5. Audit and validation

Verify compliance through internal and external assessment:

• Internal audits testing control effectiveness
• External audits for certifications
• Regulatory examinations where applicable

6. Maintain and improve

Keep compliance current as requirements and operations change:

• Track regulatory updates
• Review controls when systems change
• Address findings from audits and incidents

Compliance framework mapping

Many requirements overlap across frameworks.
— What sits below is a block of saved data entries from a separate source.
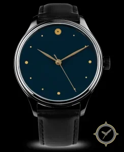 A Minimalist watch with a vintage-inspired 35mm case, crafted from stainless steel featuring a navy dial with a unique smooth lacquer finish.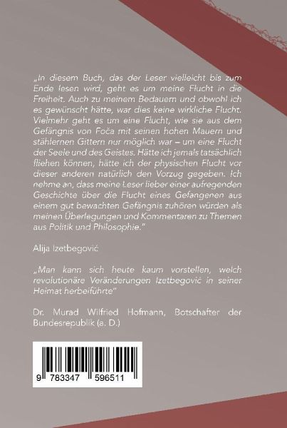 "In diesem Buch, das der Leser vielleicht bis zum Ende lesen wird, geht es um meine Flucht in die Freiheit. Auch zu meinem Bedauern und obwohl ich es gewünscht hätte, war dies keine wirkliche Flucht. Vielmehr geht es um eine Flucht, wie sie aus dem Gefängnis von Foca mit seinen hohen Mauern und stählernen Gittern nur möglich war - um eine Flucht der Seele und des Geistes. Hätte ich jemals tatsächlich fliehen können, hätte ich der physischen Flucht vor dieser anderen natürlich den Vorzug gegeben. Ich nehme an, dass meine Leser lieber einer aufregenden Geschichte über die Flucht eines Gefangenen aus einem gut bewachten Gefängnis zuhören würden als meinen Überlegungen und Kommentaren zu Themen aus Politik und Philosophie."Alija Izetbegovic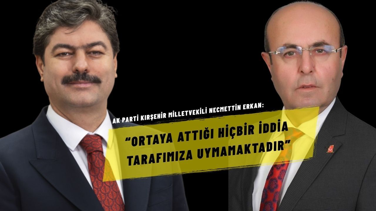 Başkan Ekicioğlu ayrıca Milletvekili Erkan’ın bir meslek odası başkanı ile Kırşehir’de dolaştığını ve kendisi için “Onun koluna kelepçe taktıracağım” ifadelerini kullandığı iddialarında bulundu.

Efficient compliance programs map controls to multiple requirements:

Control	SOC 2	ISO 27001	GDPR	NIS 2
Access reviews	CC6.1	A.9.2.5	Art. 32	Art. 21
Encryption at rest	CC6.7	A.10.1.1	Art. 32	Art. 21
Incident response	CC7.4	A.16.1	Art. 33-34	Art. 23
Vendor management	CC9.2	A.15.1	Art. 28	Art. 21
Security training	CC1.4	A.7.2.2	Art. 39	Art. 20

This mapping allows a single control to satisfy multiple frameworks, reducing duplicated effort.

Compliance challenges

Framework fatigue. Managing multiple frameworks with different requirements, terminology, and audit schedules.

Evidence sprawl. Collecting and organizing evidence across many systems and time periods.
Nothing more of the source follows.